Zack was grateful to be lying down.
God, no.
The bottom dropped out of his stomach and the room spun. This was a certified nightmare, worse than losing his possessions in the first place. The hurt on Cori’s face. The terrible, misplaced guilt on her part he’d been praying to avoid.
What could he say? “Who told you? Six-Pack?” Immediately, he dismissed the notion. The lieutenant would never have broken his confidence. Eve, with her no-bullshit attitude and fiercely protective nature, was the more likely candidate.
“Doesn’t matter. The point is,
you
should have.”
“Oh, right. I was really going to dump your brother’s role in my problems on you after the heartwarming family portrait you painted at dinner the other night.”
“What
is
his role? How did the two of you meet?”
“We didn’t. I should back up.” Zack pushed to a sitting position, ignoring the stab of pain in his skull. This wasn’t a conversation he wanted to have at all, much less lying down.
“My father was a compulsive gambler, an addict. As a kid, I didn’t understand why we’d eat steak one week, beans and franks the next. His horrible mood swings, why his criticism of me would change from bearable to a blade cutting me to the bone in a flash.”
“He used you as a whipping boy for his own failings.”
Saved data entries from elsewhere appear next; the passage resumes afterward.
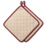 OMNIA Topflappen. Zwei stilvolle Topflappen, 24 x 24 cm, beige mit weinrotem Rand.
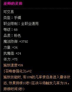 · · · · 等级:68 · 品质:粉色 · 魔法防御:+3792 · 力量:+34 · 抗魔值:+24 · 体力:+75
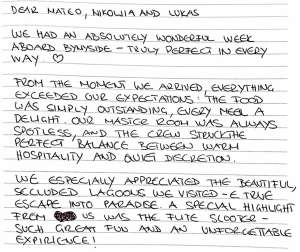 - Reputable and licensed crew who have local knowledge of waters and are able to adjust menus based on guest’s preferences and dietary restrictions
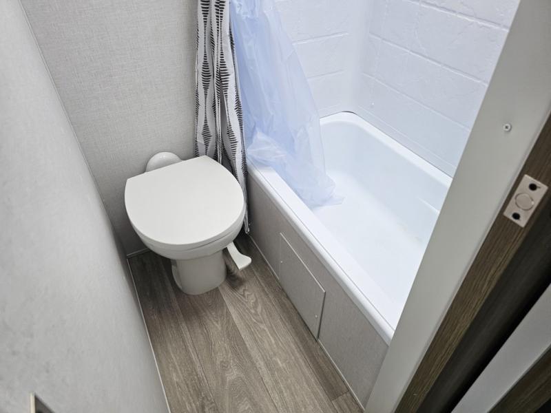 You're sure to make camping memories in this spacious travel trailer! You can easily sleep eight people each night thanks to the double-size bunks, the custom king bed with Versa Tilt in the front bedroom plus the Versa-Lounge within the large slide out! The cooktop and microwave oven will let you make meals each day, and you'll appreciate the hidden pantry with shelves behind the fireplace. There is also a booth dinette where you can dine together or play a game of cards after dinner is cleaned up, or you may just find yourselves outdoors under the 18' awning with 4K blade lighting. And don't overlook the full bath, complete with a tub/shower that will make bath time easier if you have little ones.
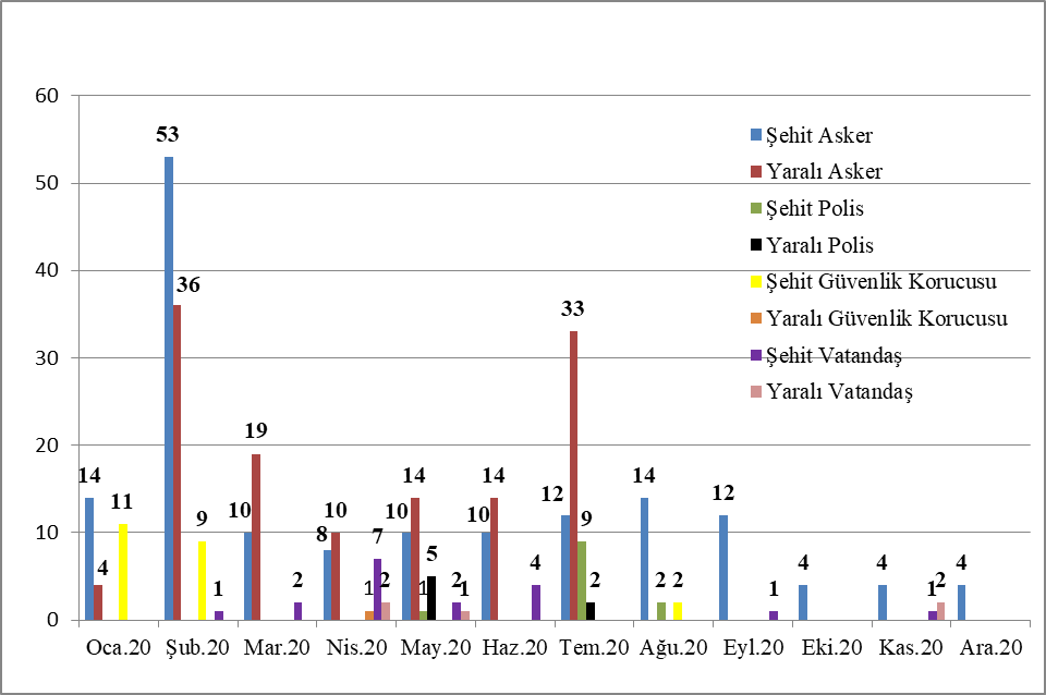 Açık kaynaklardan elde edilen verilere göre 2020 yılında 155 askerimiz, 12 polisimiz, 22 güvenlik korucumuz ile 18 vatandaşımız şehit olmuştur (Tablo 7).
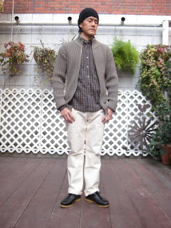 通常のものより肉厚な生地でミリタリーサーマルの用な雰囲気が新鮮です。
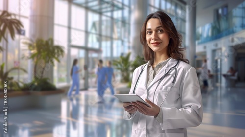 technology, woman, portrait, doctor, medicals, health care, people, modern, smiling, work, teamwork, architecture, nurse, hospital, professional, health, building, plant, uniform, confident, patient, indoor, stethoscope, medicine, care, clinic, physician, friendly, staff, light, day, trust, clipboard, consultation, practice, treatment, surgery, specialist, expertise, diagnosis, occupational, atmosphere, facility, surrounding
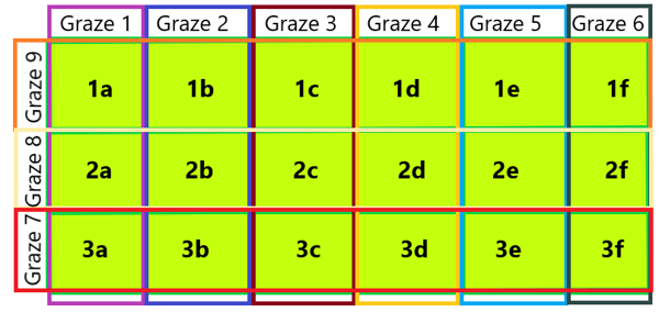 Graze 7: Open gates between 3a, 3b, 3c, 3d, 3e,3f
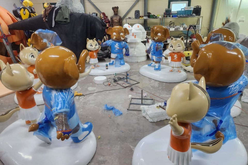 Дизайн экспонатов команда начала разрабатывать с ноября 2023 года, когда были определены образ и имена талисманов международных игр.
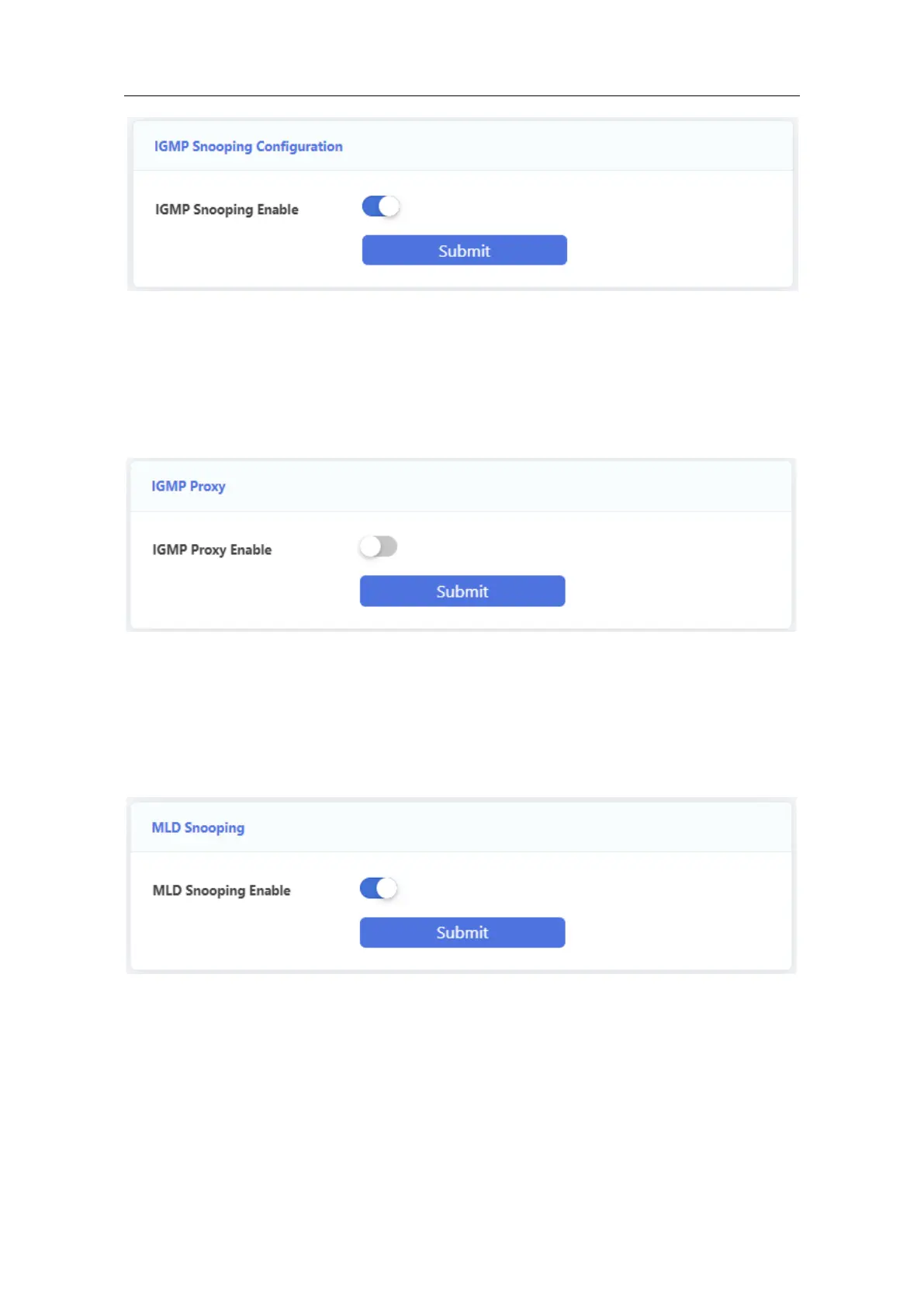 This page allows you to enable or disable the MLD snooping function for IPv6, just like
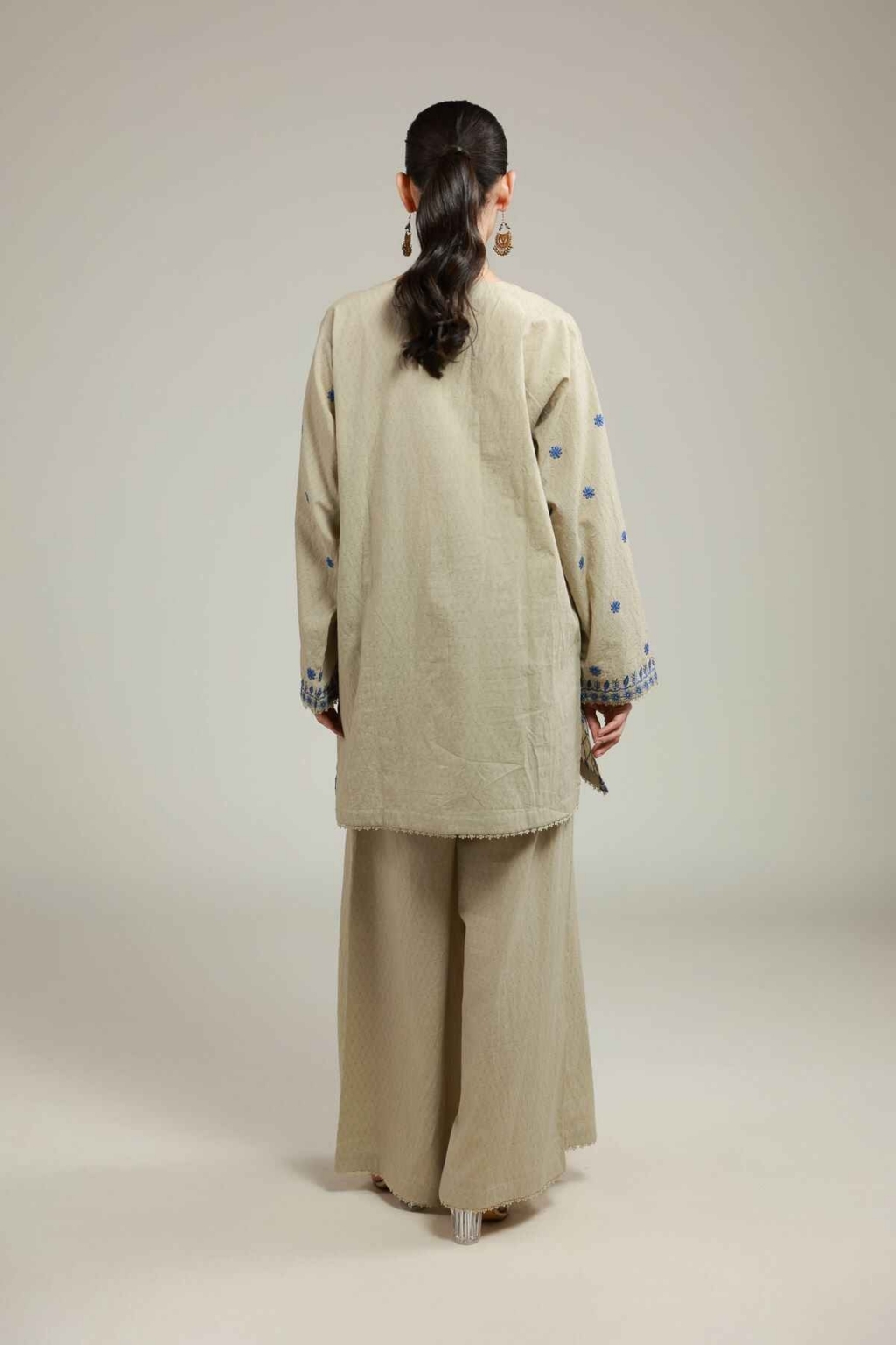 Beige with blue embroidery unstitched 2 piece Embroidered Cotton Dobby suit by khaadi
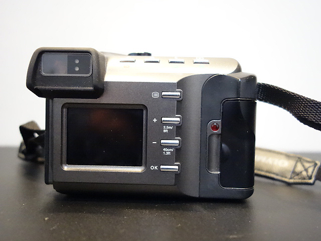 背部になります。右側にメニューボタン、カーソルボタン、OKボタンがあり、更に右側はスマートメディアの挿入スロット。 左側はファインダーと液晶モニター。一眼レフなので当然ファインダーからの撮影になりますがフォーカスの確認ができないフレーミング専用。
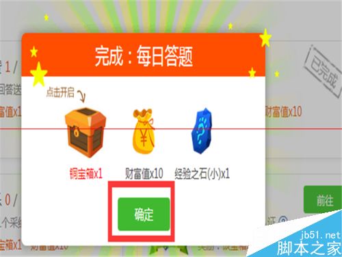 12、系統提醒你完成每日答題所得到的獎勵有一個銅寶箱,10個財富值,一個經驗之石,點下確定就存入我的物品里了。

“I’d figured out that much by around age thirteen, just not why. I thought there must’ve been something wrong with me and if I could fix it, he’d love me the way other fathers did their sons. By the time I graduated high school, I’d learned nothing I ever did would please him and I’d gotten wise to his gambling addiction. I came to terms with the knowledge I’d never be able to fix either of those things, and followed my own path. I moved on, and he resented the hell out of it.”